A silver prospector is unable to pay his March rent in advance. He owned a bar of pure silver, 31 inches long, so he made the following arrangement with his landlady. He would cut the bar, he said into smaller pieces. On the first day of March he would give her and inch of the bar, and on each succeeding day he would add another inch to her amount of silver. She would keep this silver as security. At the end of the month, when the prospector expected to be able to pay his rent in full, she would return the pieces to him.

March has 31 days, so one way to cut the bar would be to cut it into 31 sections, each an inch long. But since it requires considerable labor to cut the bar the prospector wished to carry out his agreement with the fewest possible number of pieces. For example, he might give the lady an inch piece in the first day, another inch on the second day, then on the third day take back the two inch segments and give her a three inch piece on the third day. Assuming that the portions of the bar are traded back and forth in this fashion, see if you can determine the smallest number of pieces into which the prospector cut his silver bar. Why?

My name is Luther
Pre-Algebra - Algebra
Helping my Son

31 = 1 + 2 + 4 + 8 + 16. Cut the bar into pieces one inch, two inches, four inches, eight inches and sixteen inches. In that way, you can measure all the lengths from 0 to 31 inches. If you are familiar with base 2 arithmetic, the reason why will be obvious. Otherwise, reason this way: Given a length, find the largest piece that will fit all the length. It will be more than half of the original length. next, find the largest piece that will fit into the remainder. It will be more than half of the remainder. And so on. You eventually fill in all of the original length.

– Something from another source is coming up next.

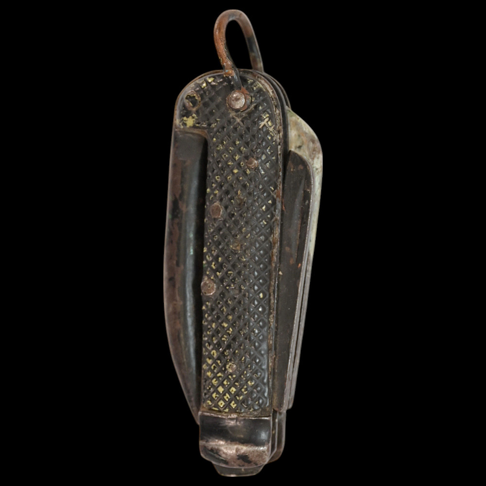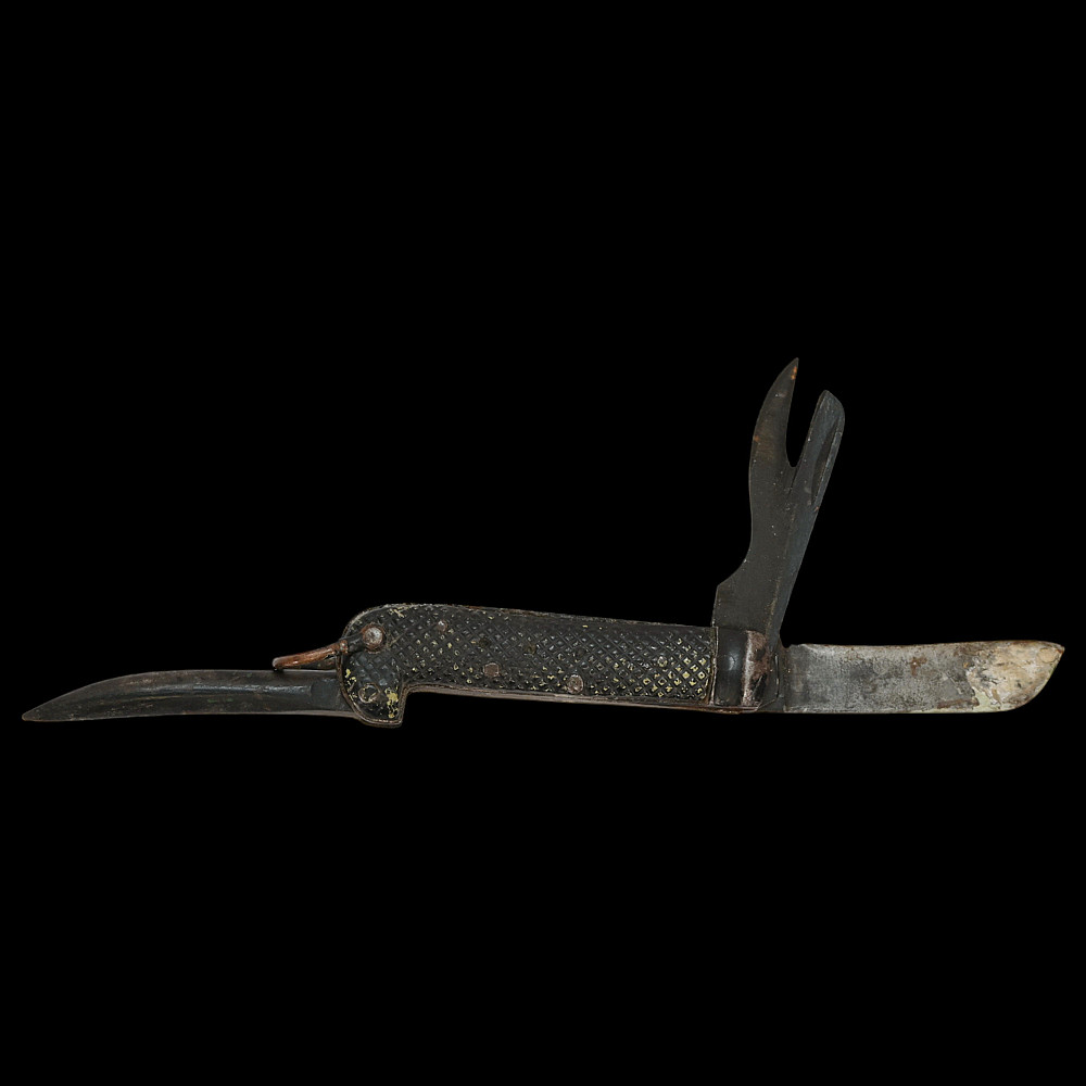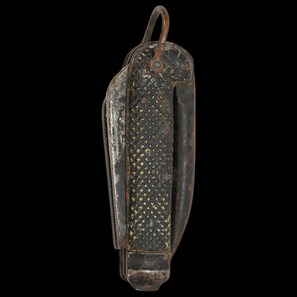 A nice example of a British WW2 Royal Navy, Pocket Jack Knife. The checkered Bakelite grip is intact and all the blades lock and close as they should. The steel can opener is in good condition. A wonderful collectible WWII artifact. Length 22 cm. Traces of use.

You can also reason as follows: You need a length 1 for the first day. Then you need a length of 2 or another 1 for the second day. Suppose you take a piece of length 2. Thus with these two lengths you can make 1, 2, and 3 = 2 + 1. Now cut off a piece of length 4. These three peices will get you to day 7 so cut off anothe piece of length 8. This procedure leads to the five peices in the previous paragraph.

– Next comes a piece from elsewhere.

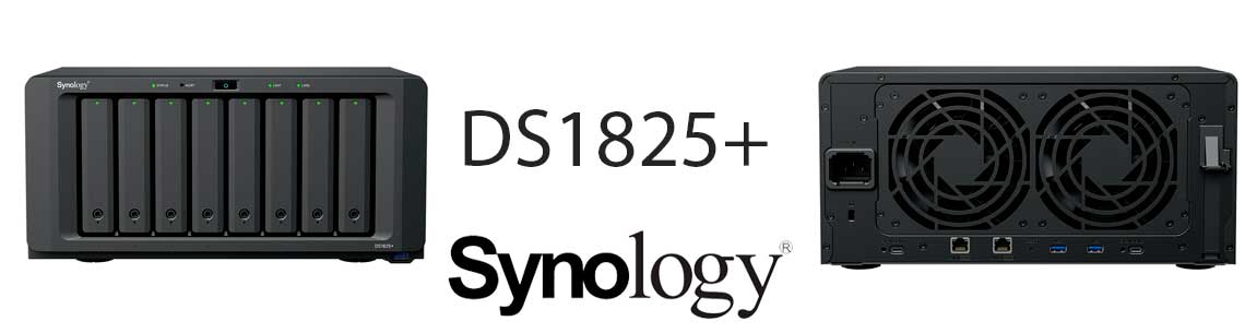 O DS1825+ é um NAS de 8 baias para discos SATA, hot swappable, processador AMD Ryzen 4-core, 8GB de memória DDR4, 2x portas USB e 2x conexões LAN. O server integra funções de armazenamento, backup, nuvem híbrida, gerenciamento de arquivos e vídeo vigilância.

Four pieces would not be enough. Suppose you have cut the bar into four pieces. Label them a, b, c, and d. How many different lengths can you measure with these four pieces? If you are going to construct a length you either include piece a or you don't include a; you either include piece b or you don't include b; you either include piece c or you don't; and you either include piece d or you don't. That is for each piece you have two choices, include it or don't include it. Thus with four pieces of silver, the maximum number of lengths that you can measure is 2x2x2x2 = 16, which is less than 31. Notice that the 16 possibilities even includes measuring the length zero which you get by not including any of the lengths.